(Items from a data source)

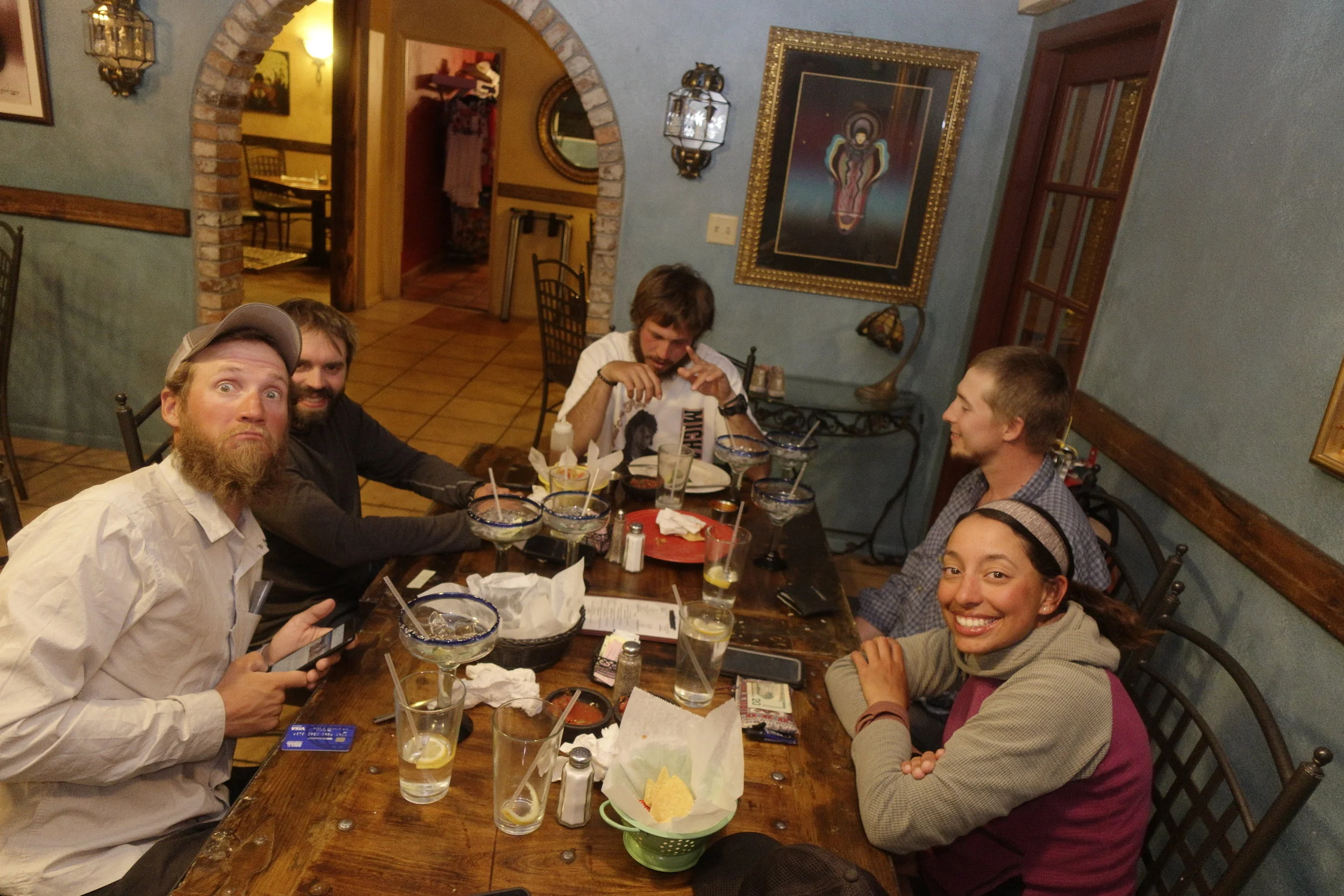 Back at the Del Prado I was happy to find the 4 adjacent rooms open and hikers lounging and drying everything in the sun. It was scene could be defined as straight up hikerThe Motel owner was mingling with everyone and offered me some Chinese food that she had just made, I ate it all happily after thanking her. I found that Sherpas birthday was today so we all planned to go to the El Bruno for dinner and margaritas at the end of the day. Mrs. Yang drove us all a ride to the restaurant for the celebration. Two women mountain bikers who biked in earlier in the day came out later, we discovered that they put in nearly 80 miles in today and are riding the 2768 mile Great Divide Mountain Bike Route (GDMBR).
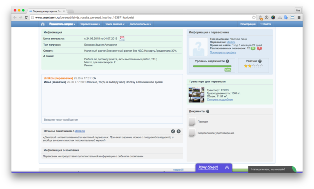 Первые предложения вышибают холодный пот: 33 400 рублей. Это очень много. Так и пишу. Торговля идет подозрительно легко: у проверенных перевозчиков (для этого есть специальная пометка. Если вы параноик, качество перевозчика можно уточнить у службы поддержки, они ответят) цена сбивается до 23 000 рублей. То есть на треть. Впрочем, 23 000 — это все равно много. Есть еще предложение за 20 000 р., но от непроверенного перевозчика.
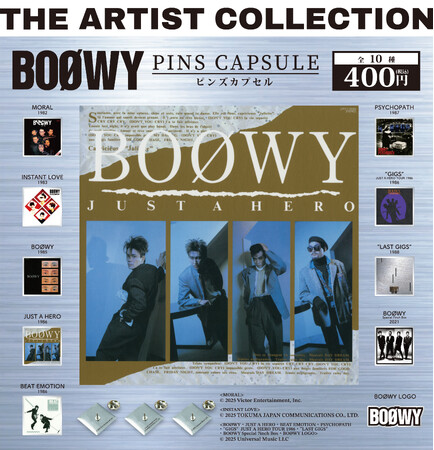 2024年6月に発売を開始した『THE ARTIST COLLECTION』では、これまで、第1弾に3アーティスト(THE BEATLES/QUEEN/DAVID BOWIE)、第2弾に2アーティスト(The Rolling Stones/KISS)、第3弾にBON JOVI、第4弾にAEROSMITH、第5弾に4アーティスト(THE BEATLES/Guns N' Roses/The Rolling Stones第2弾/DAVID BOWIE第2弾)第6弾にTHE WHOと、伝説的な海外アーティストのピンズカプセルトイを発売。今回の第7弾では、シリーズ初の国内アーティストとなる、日本のロックシーンに革命をもたらした伝説的なバンド「BOØWY」が登場。1980年代に活動した彼らは数々のヒット曲を生み出し、今なお多くのアーティストに影響を与え続けています。また、彼らの音楽はエネルギッシュで革新的なサウンドとリスナーに共感する歌詞で多くのファンを魅了し、時代を超えて愛される普遍的な魅力をもち続けています。
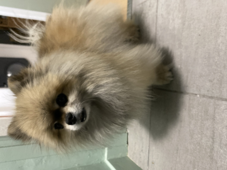 A light fawn and cream Pomeranian dog with dark eyes and a black nose stands indoors on a tiled floor in Lille, France
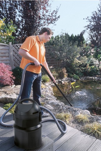Odkurzacz do pracy na sucho i mokro firmy Pontec jest bardzo łatwy w użyciu. Po prostu podłącz do prądu i użyj węża ssącego i dyszy do zassania grubszego brudu ze stawu lub basenu. Możesz użyć PondoMatic, aby na przykład usunąć glony lub błoto. W przypadku glonów na powierzchni zaleca się nie zanurzać rury ssącej całkowicie w wodzie, a jedynie poprowadzić ją po powierzchni wody.
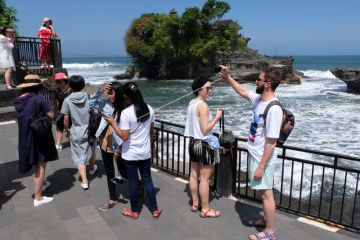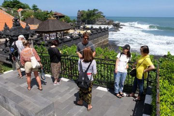 Wisatawan asing mengunjungi kawasan obyek wisata Tanah Lot di Tabanan, Bali, Sabtu (11/5/2019). Kunjungan wisatawan domestik ke sejumlah obyek wisata di Pulau Dewata mengalami penurunan sejak memasuki bulan Ramadhan dan pengaruh harga tiket pesawat yang masih tinggi. ANTARA FOTO/Nyoman Hendra Wibowo/nym/wsj.
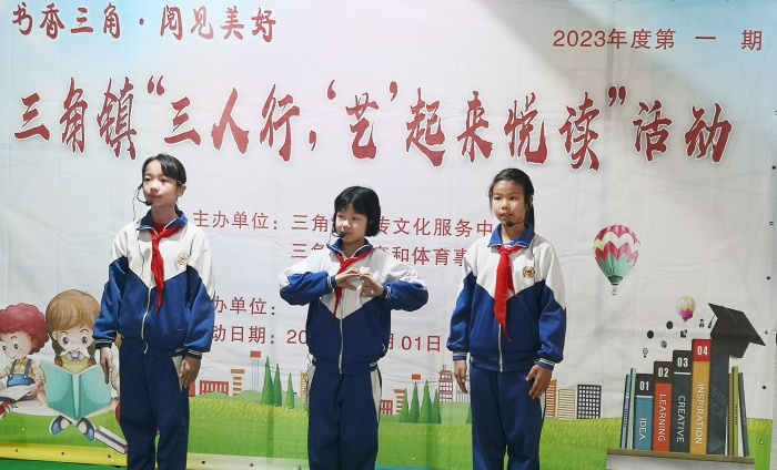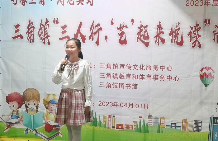 4月1日,由三角镇宣传文化服务中心、三角镇教育和体育事务中心、三角镇图书馆联合主办的2023年度“三人行,‘艺’起来悦读”活动第一期如约在中山市文化馆三角镇分馆举行。三角小学海鸥文学社的十多位社员和家长们同台竞技,一起“艺”起来,让悦读越精彩。
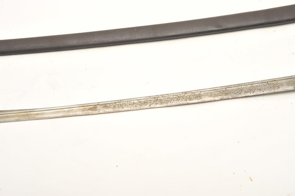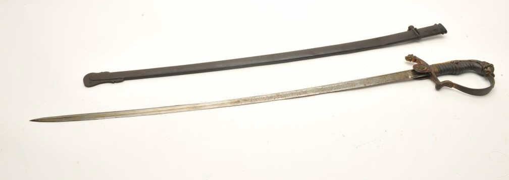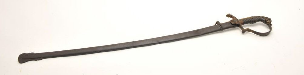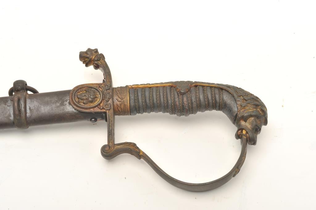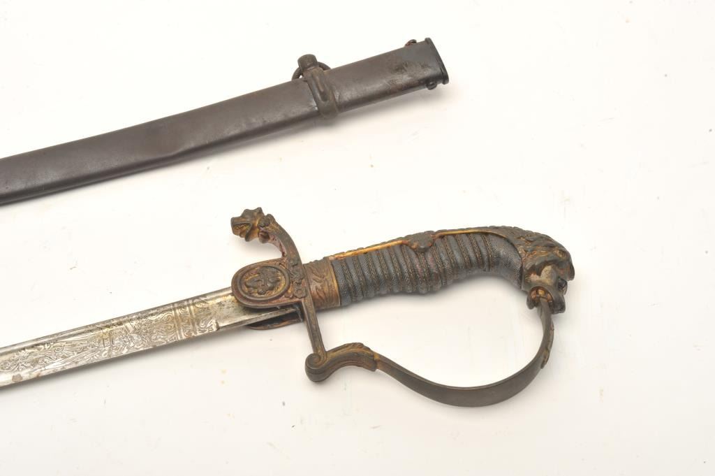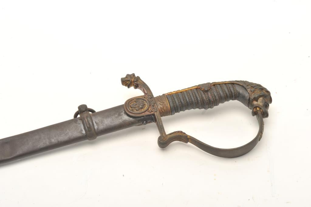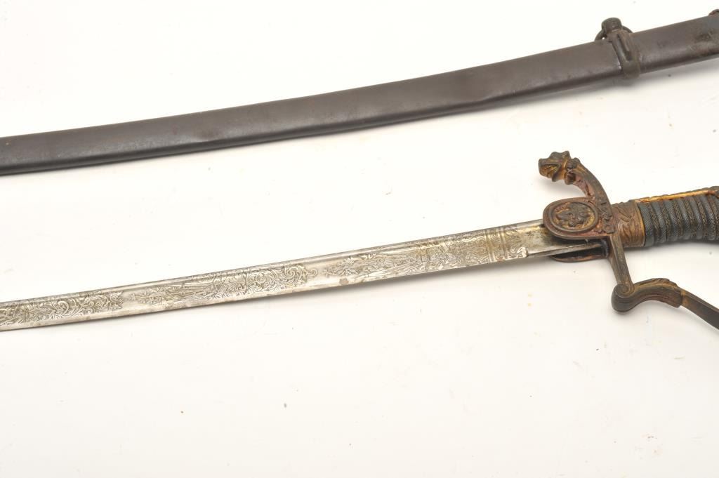 Imperial Austrian Officers sword with scabbard. The sword is in good overall condition with a 30 ½” blade and an overall length of 36”. The blade is marked, “EISENHAUER” and features significant reliefengraving. The blade has been sharpened and shows scabbard wear. The cast handguard features a wire wrapped ray skin grip with a lion’s head pommel. The steel scabbard has taken a dark patina with several small dentsand a total length of 31 ½”. Est.: $175-350 ..
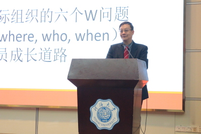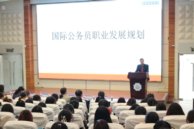 李根信司长结合自己多年国际组织工作经验,重点讲授“立志篇:中华民族复兴和家国天下观、中国培养国际组织人才的重要性必要性可行性紧迫性”“准备篇:走进国际组织的六个W问题”“实现篇:国际职员成长道路”三部分内容。他从国际组织重要性、国际组织人才建设国家战略、中国参与国际组织面临的问题和挑战、国际组织人才的基本素质和能力等方面为同学们深入浅出地讲解。他指出,近年来,随着我国经济实力和综合国力的提升,我国在世界舞台上扮演着越来越重要的角色。然而面临的难题是缺少能在国际组织任职的优秀人才。他鼓励同学们加强专业学习,打开思路和眼界,以到国际组织实习任职为目标,立志代表祖国出现在国际舞台上,为提升国家形象和维护国家利益贡献力量。
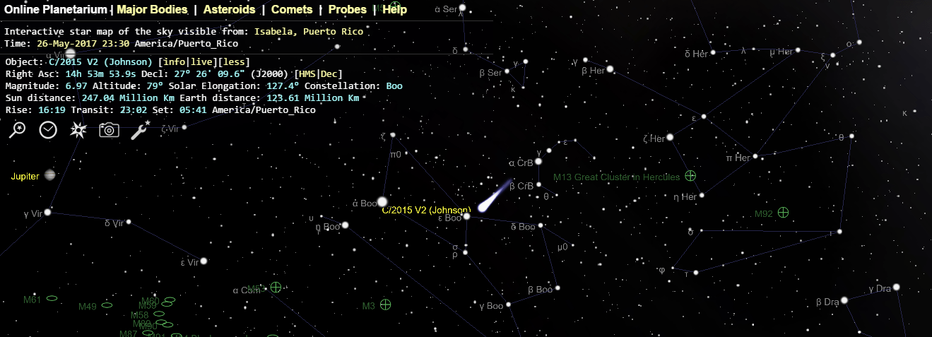 Hace dos noches pude capturar mi primera astrofotografía de un cometa del 2017, el Johnson C/2015 V2. Este cometa, descubierto en noviembre 2015, brillaba con una magnitud 6.97 en la constelación de Bootes el 27 de mayo de 2015 a las 3:30 (UTC -4). Después de ubicar el telescopio en la dirección general del cometa, éste se vio claramente a través del campo visual de la cámara de autoguiado (SSAG/50mm f3.2). Este se encontraba bastante cerca de la estrella Izar, por lo que no fue muy difícil encontrarlo .
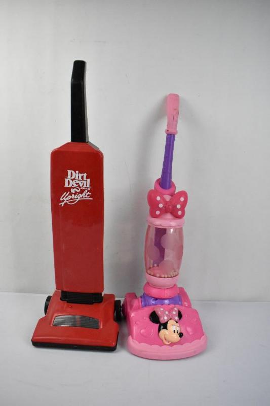 2 Toy Vacuums: Red Little Devil & Minnie Mouse
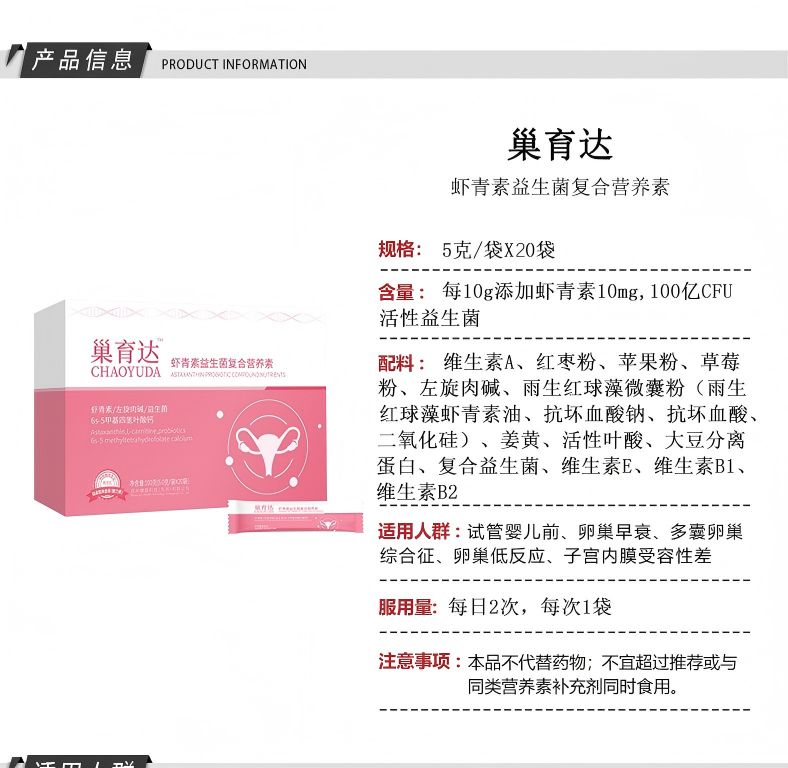 | 產(chǎn)品名稱 | 巢育達(dá)蝦青素益生菌復(fù)合營養(yǎng)素 |

• Instructions for the task: Transcribe the entries above exactly, from their first line through the line with "Odkurzacz do pracy", and omit all pictures.

• Your response:
 Back at the Del Prado I was happy to find the 4 adjacent rooms open and hikers lounging and drying everything in the sun. It was scene could be defined as straight up hikerThe Motel owner was mingling with everyone and offered me some Chinese food that she had just made, I ate it all happily after thanking her. I found that Sherpas birthday was today so we all planned to go to the El Bruno for dinner and margaritas at the end of the day. Mrs. Yang drove us all a ride to the restaurant for the celebration. Two women mountain bikers who biked in earlier in the day came out later, we discovered that they put in nearly 80 miles in today and are riding the 2768 mile Great Divide Mountain Bike Route (GDMBR).
 Первые предложения вышибают холодный пот: 33 400 рублей. Это очень много. Так и пишу. Торговля идет подозрительно легко: у проверенных перевозчиков (для этого есть специальная пометка. Если вы параноик, качество перевозчика можно уточнить у службы поддержки, они ответят) цена сбивается до 23 000 рублей. То есть на треть. Впрочем, 23 000 — это все равно много. Есть еще предложение за 20 000 р., но от непроверенного перевозчика.
 2024年6月に発売を開始した『THE ARTIST COLLECTION』では、これまで、第1弾に3アーティスト(THE BEATLES/QUEEN/DAVID BOWIE)、第2弾に2アーティスト(The Rolling Stones/KISS)、第3弾にBON JOVI、第4弾にAEROSMITH、第5弾に4アーティスト(THE BEATLES/Guns N' Roses/The Rolling Stones第2弾/DAVID BOWIE第2弾)第6弾にTHE WHOと、伝説的な海外アーティストのピンズカプセルトイを発売。今回の第7弾では、シリーズ初の国内アーティストとなる、日本のロックシーンに革命をもたらした伝説的なバンド「BOØWY」が登場。1980年代に活動した彼らは数々のヒット曲を生み出し、今なお多くのアーティストに影響を与え続けています。また、彼らの音楽はエネルギッシュで革新的なサウンドとリスナーに共感する歌詞で多くのファンを魅了し、時代を超えて愛される普遍的な魅力をもち続けています。
 A light fawn and cream Pomeranian dog with dark eyes and a black nose stands indoors on a tiled floor in Lille, France
Odkurzacz do pracy na sucho i mokro firmy Pontec jest bardzo łatwy w użyciu. Po prostu podłącz do prądu i użyj węża ssącego i dyszy do zassania grubszego brudu ze stawu lub basenu. Możesz użyć PondoMatic, aby na przykład usunąć glony lub błoto. W przypadku glonów na powierzchni zaleca się nie zanurzać rury ssącej całkowicie w wodzie, a jedynie poprowadzić ją po powierzchni wody.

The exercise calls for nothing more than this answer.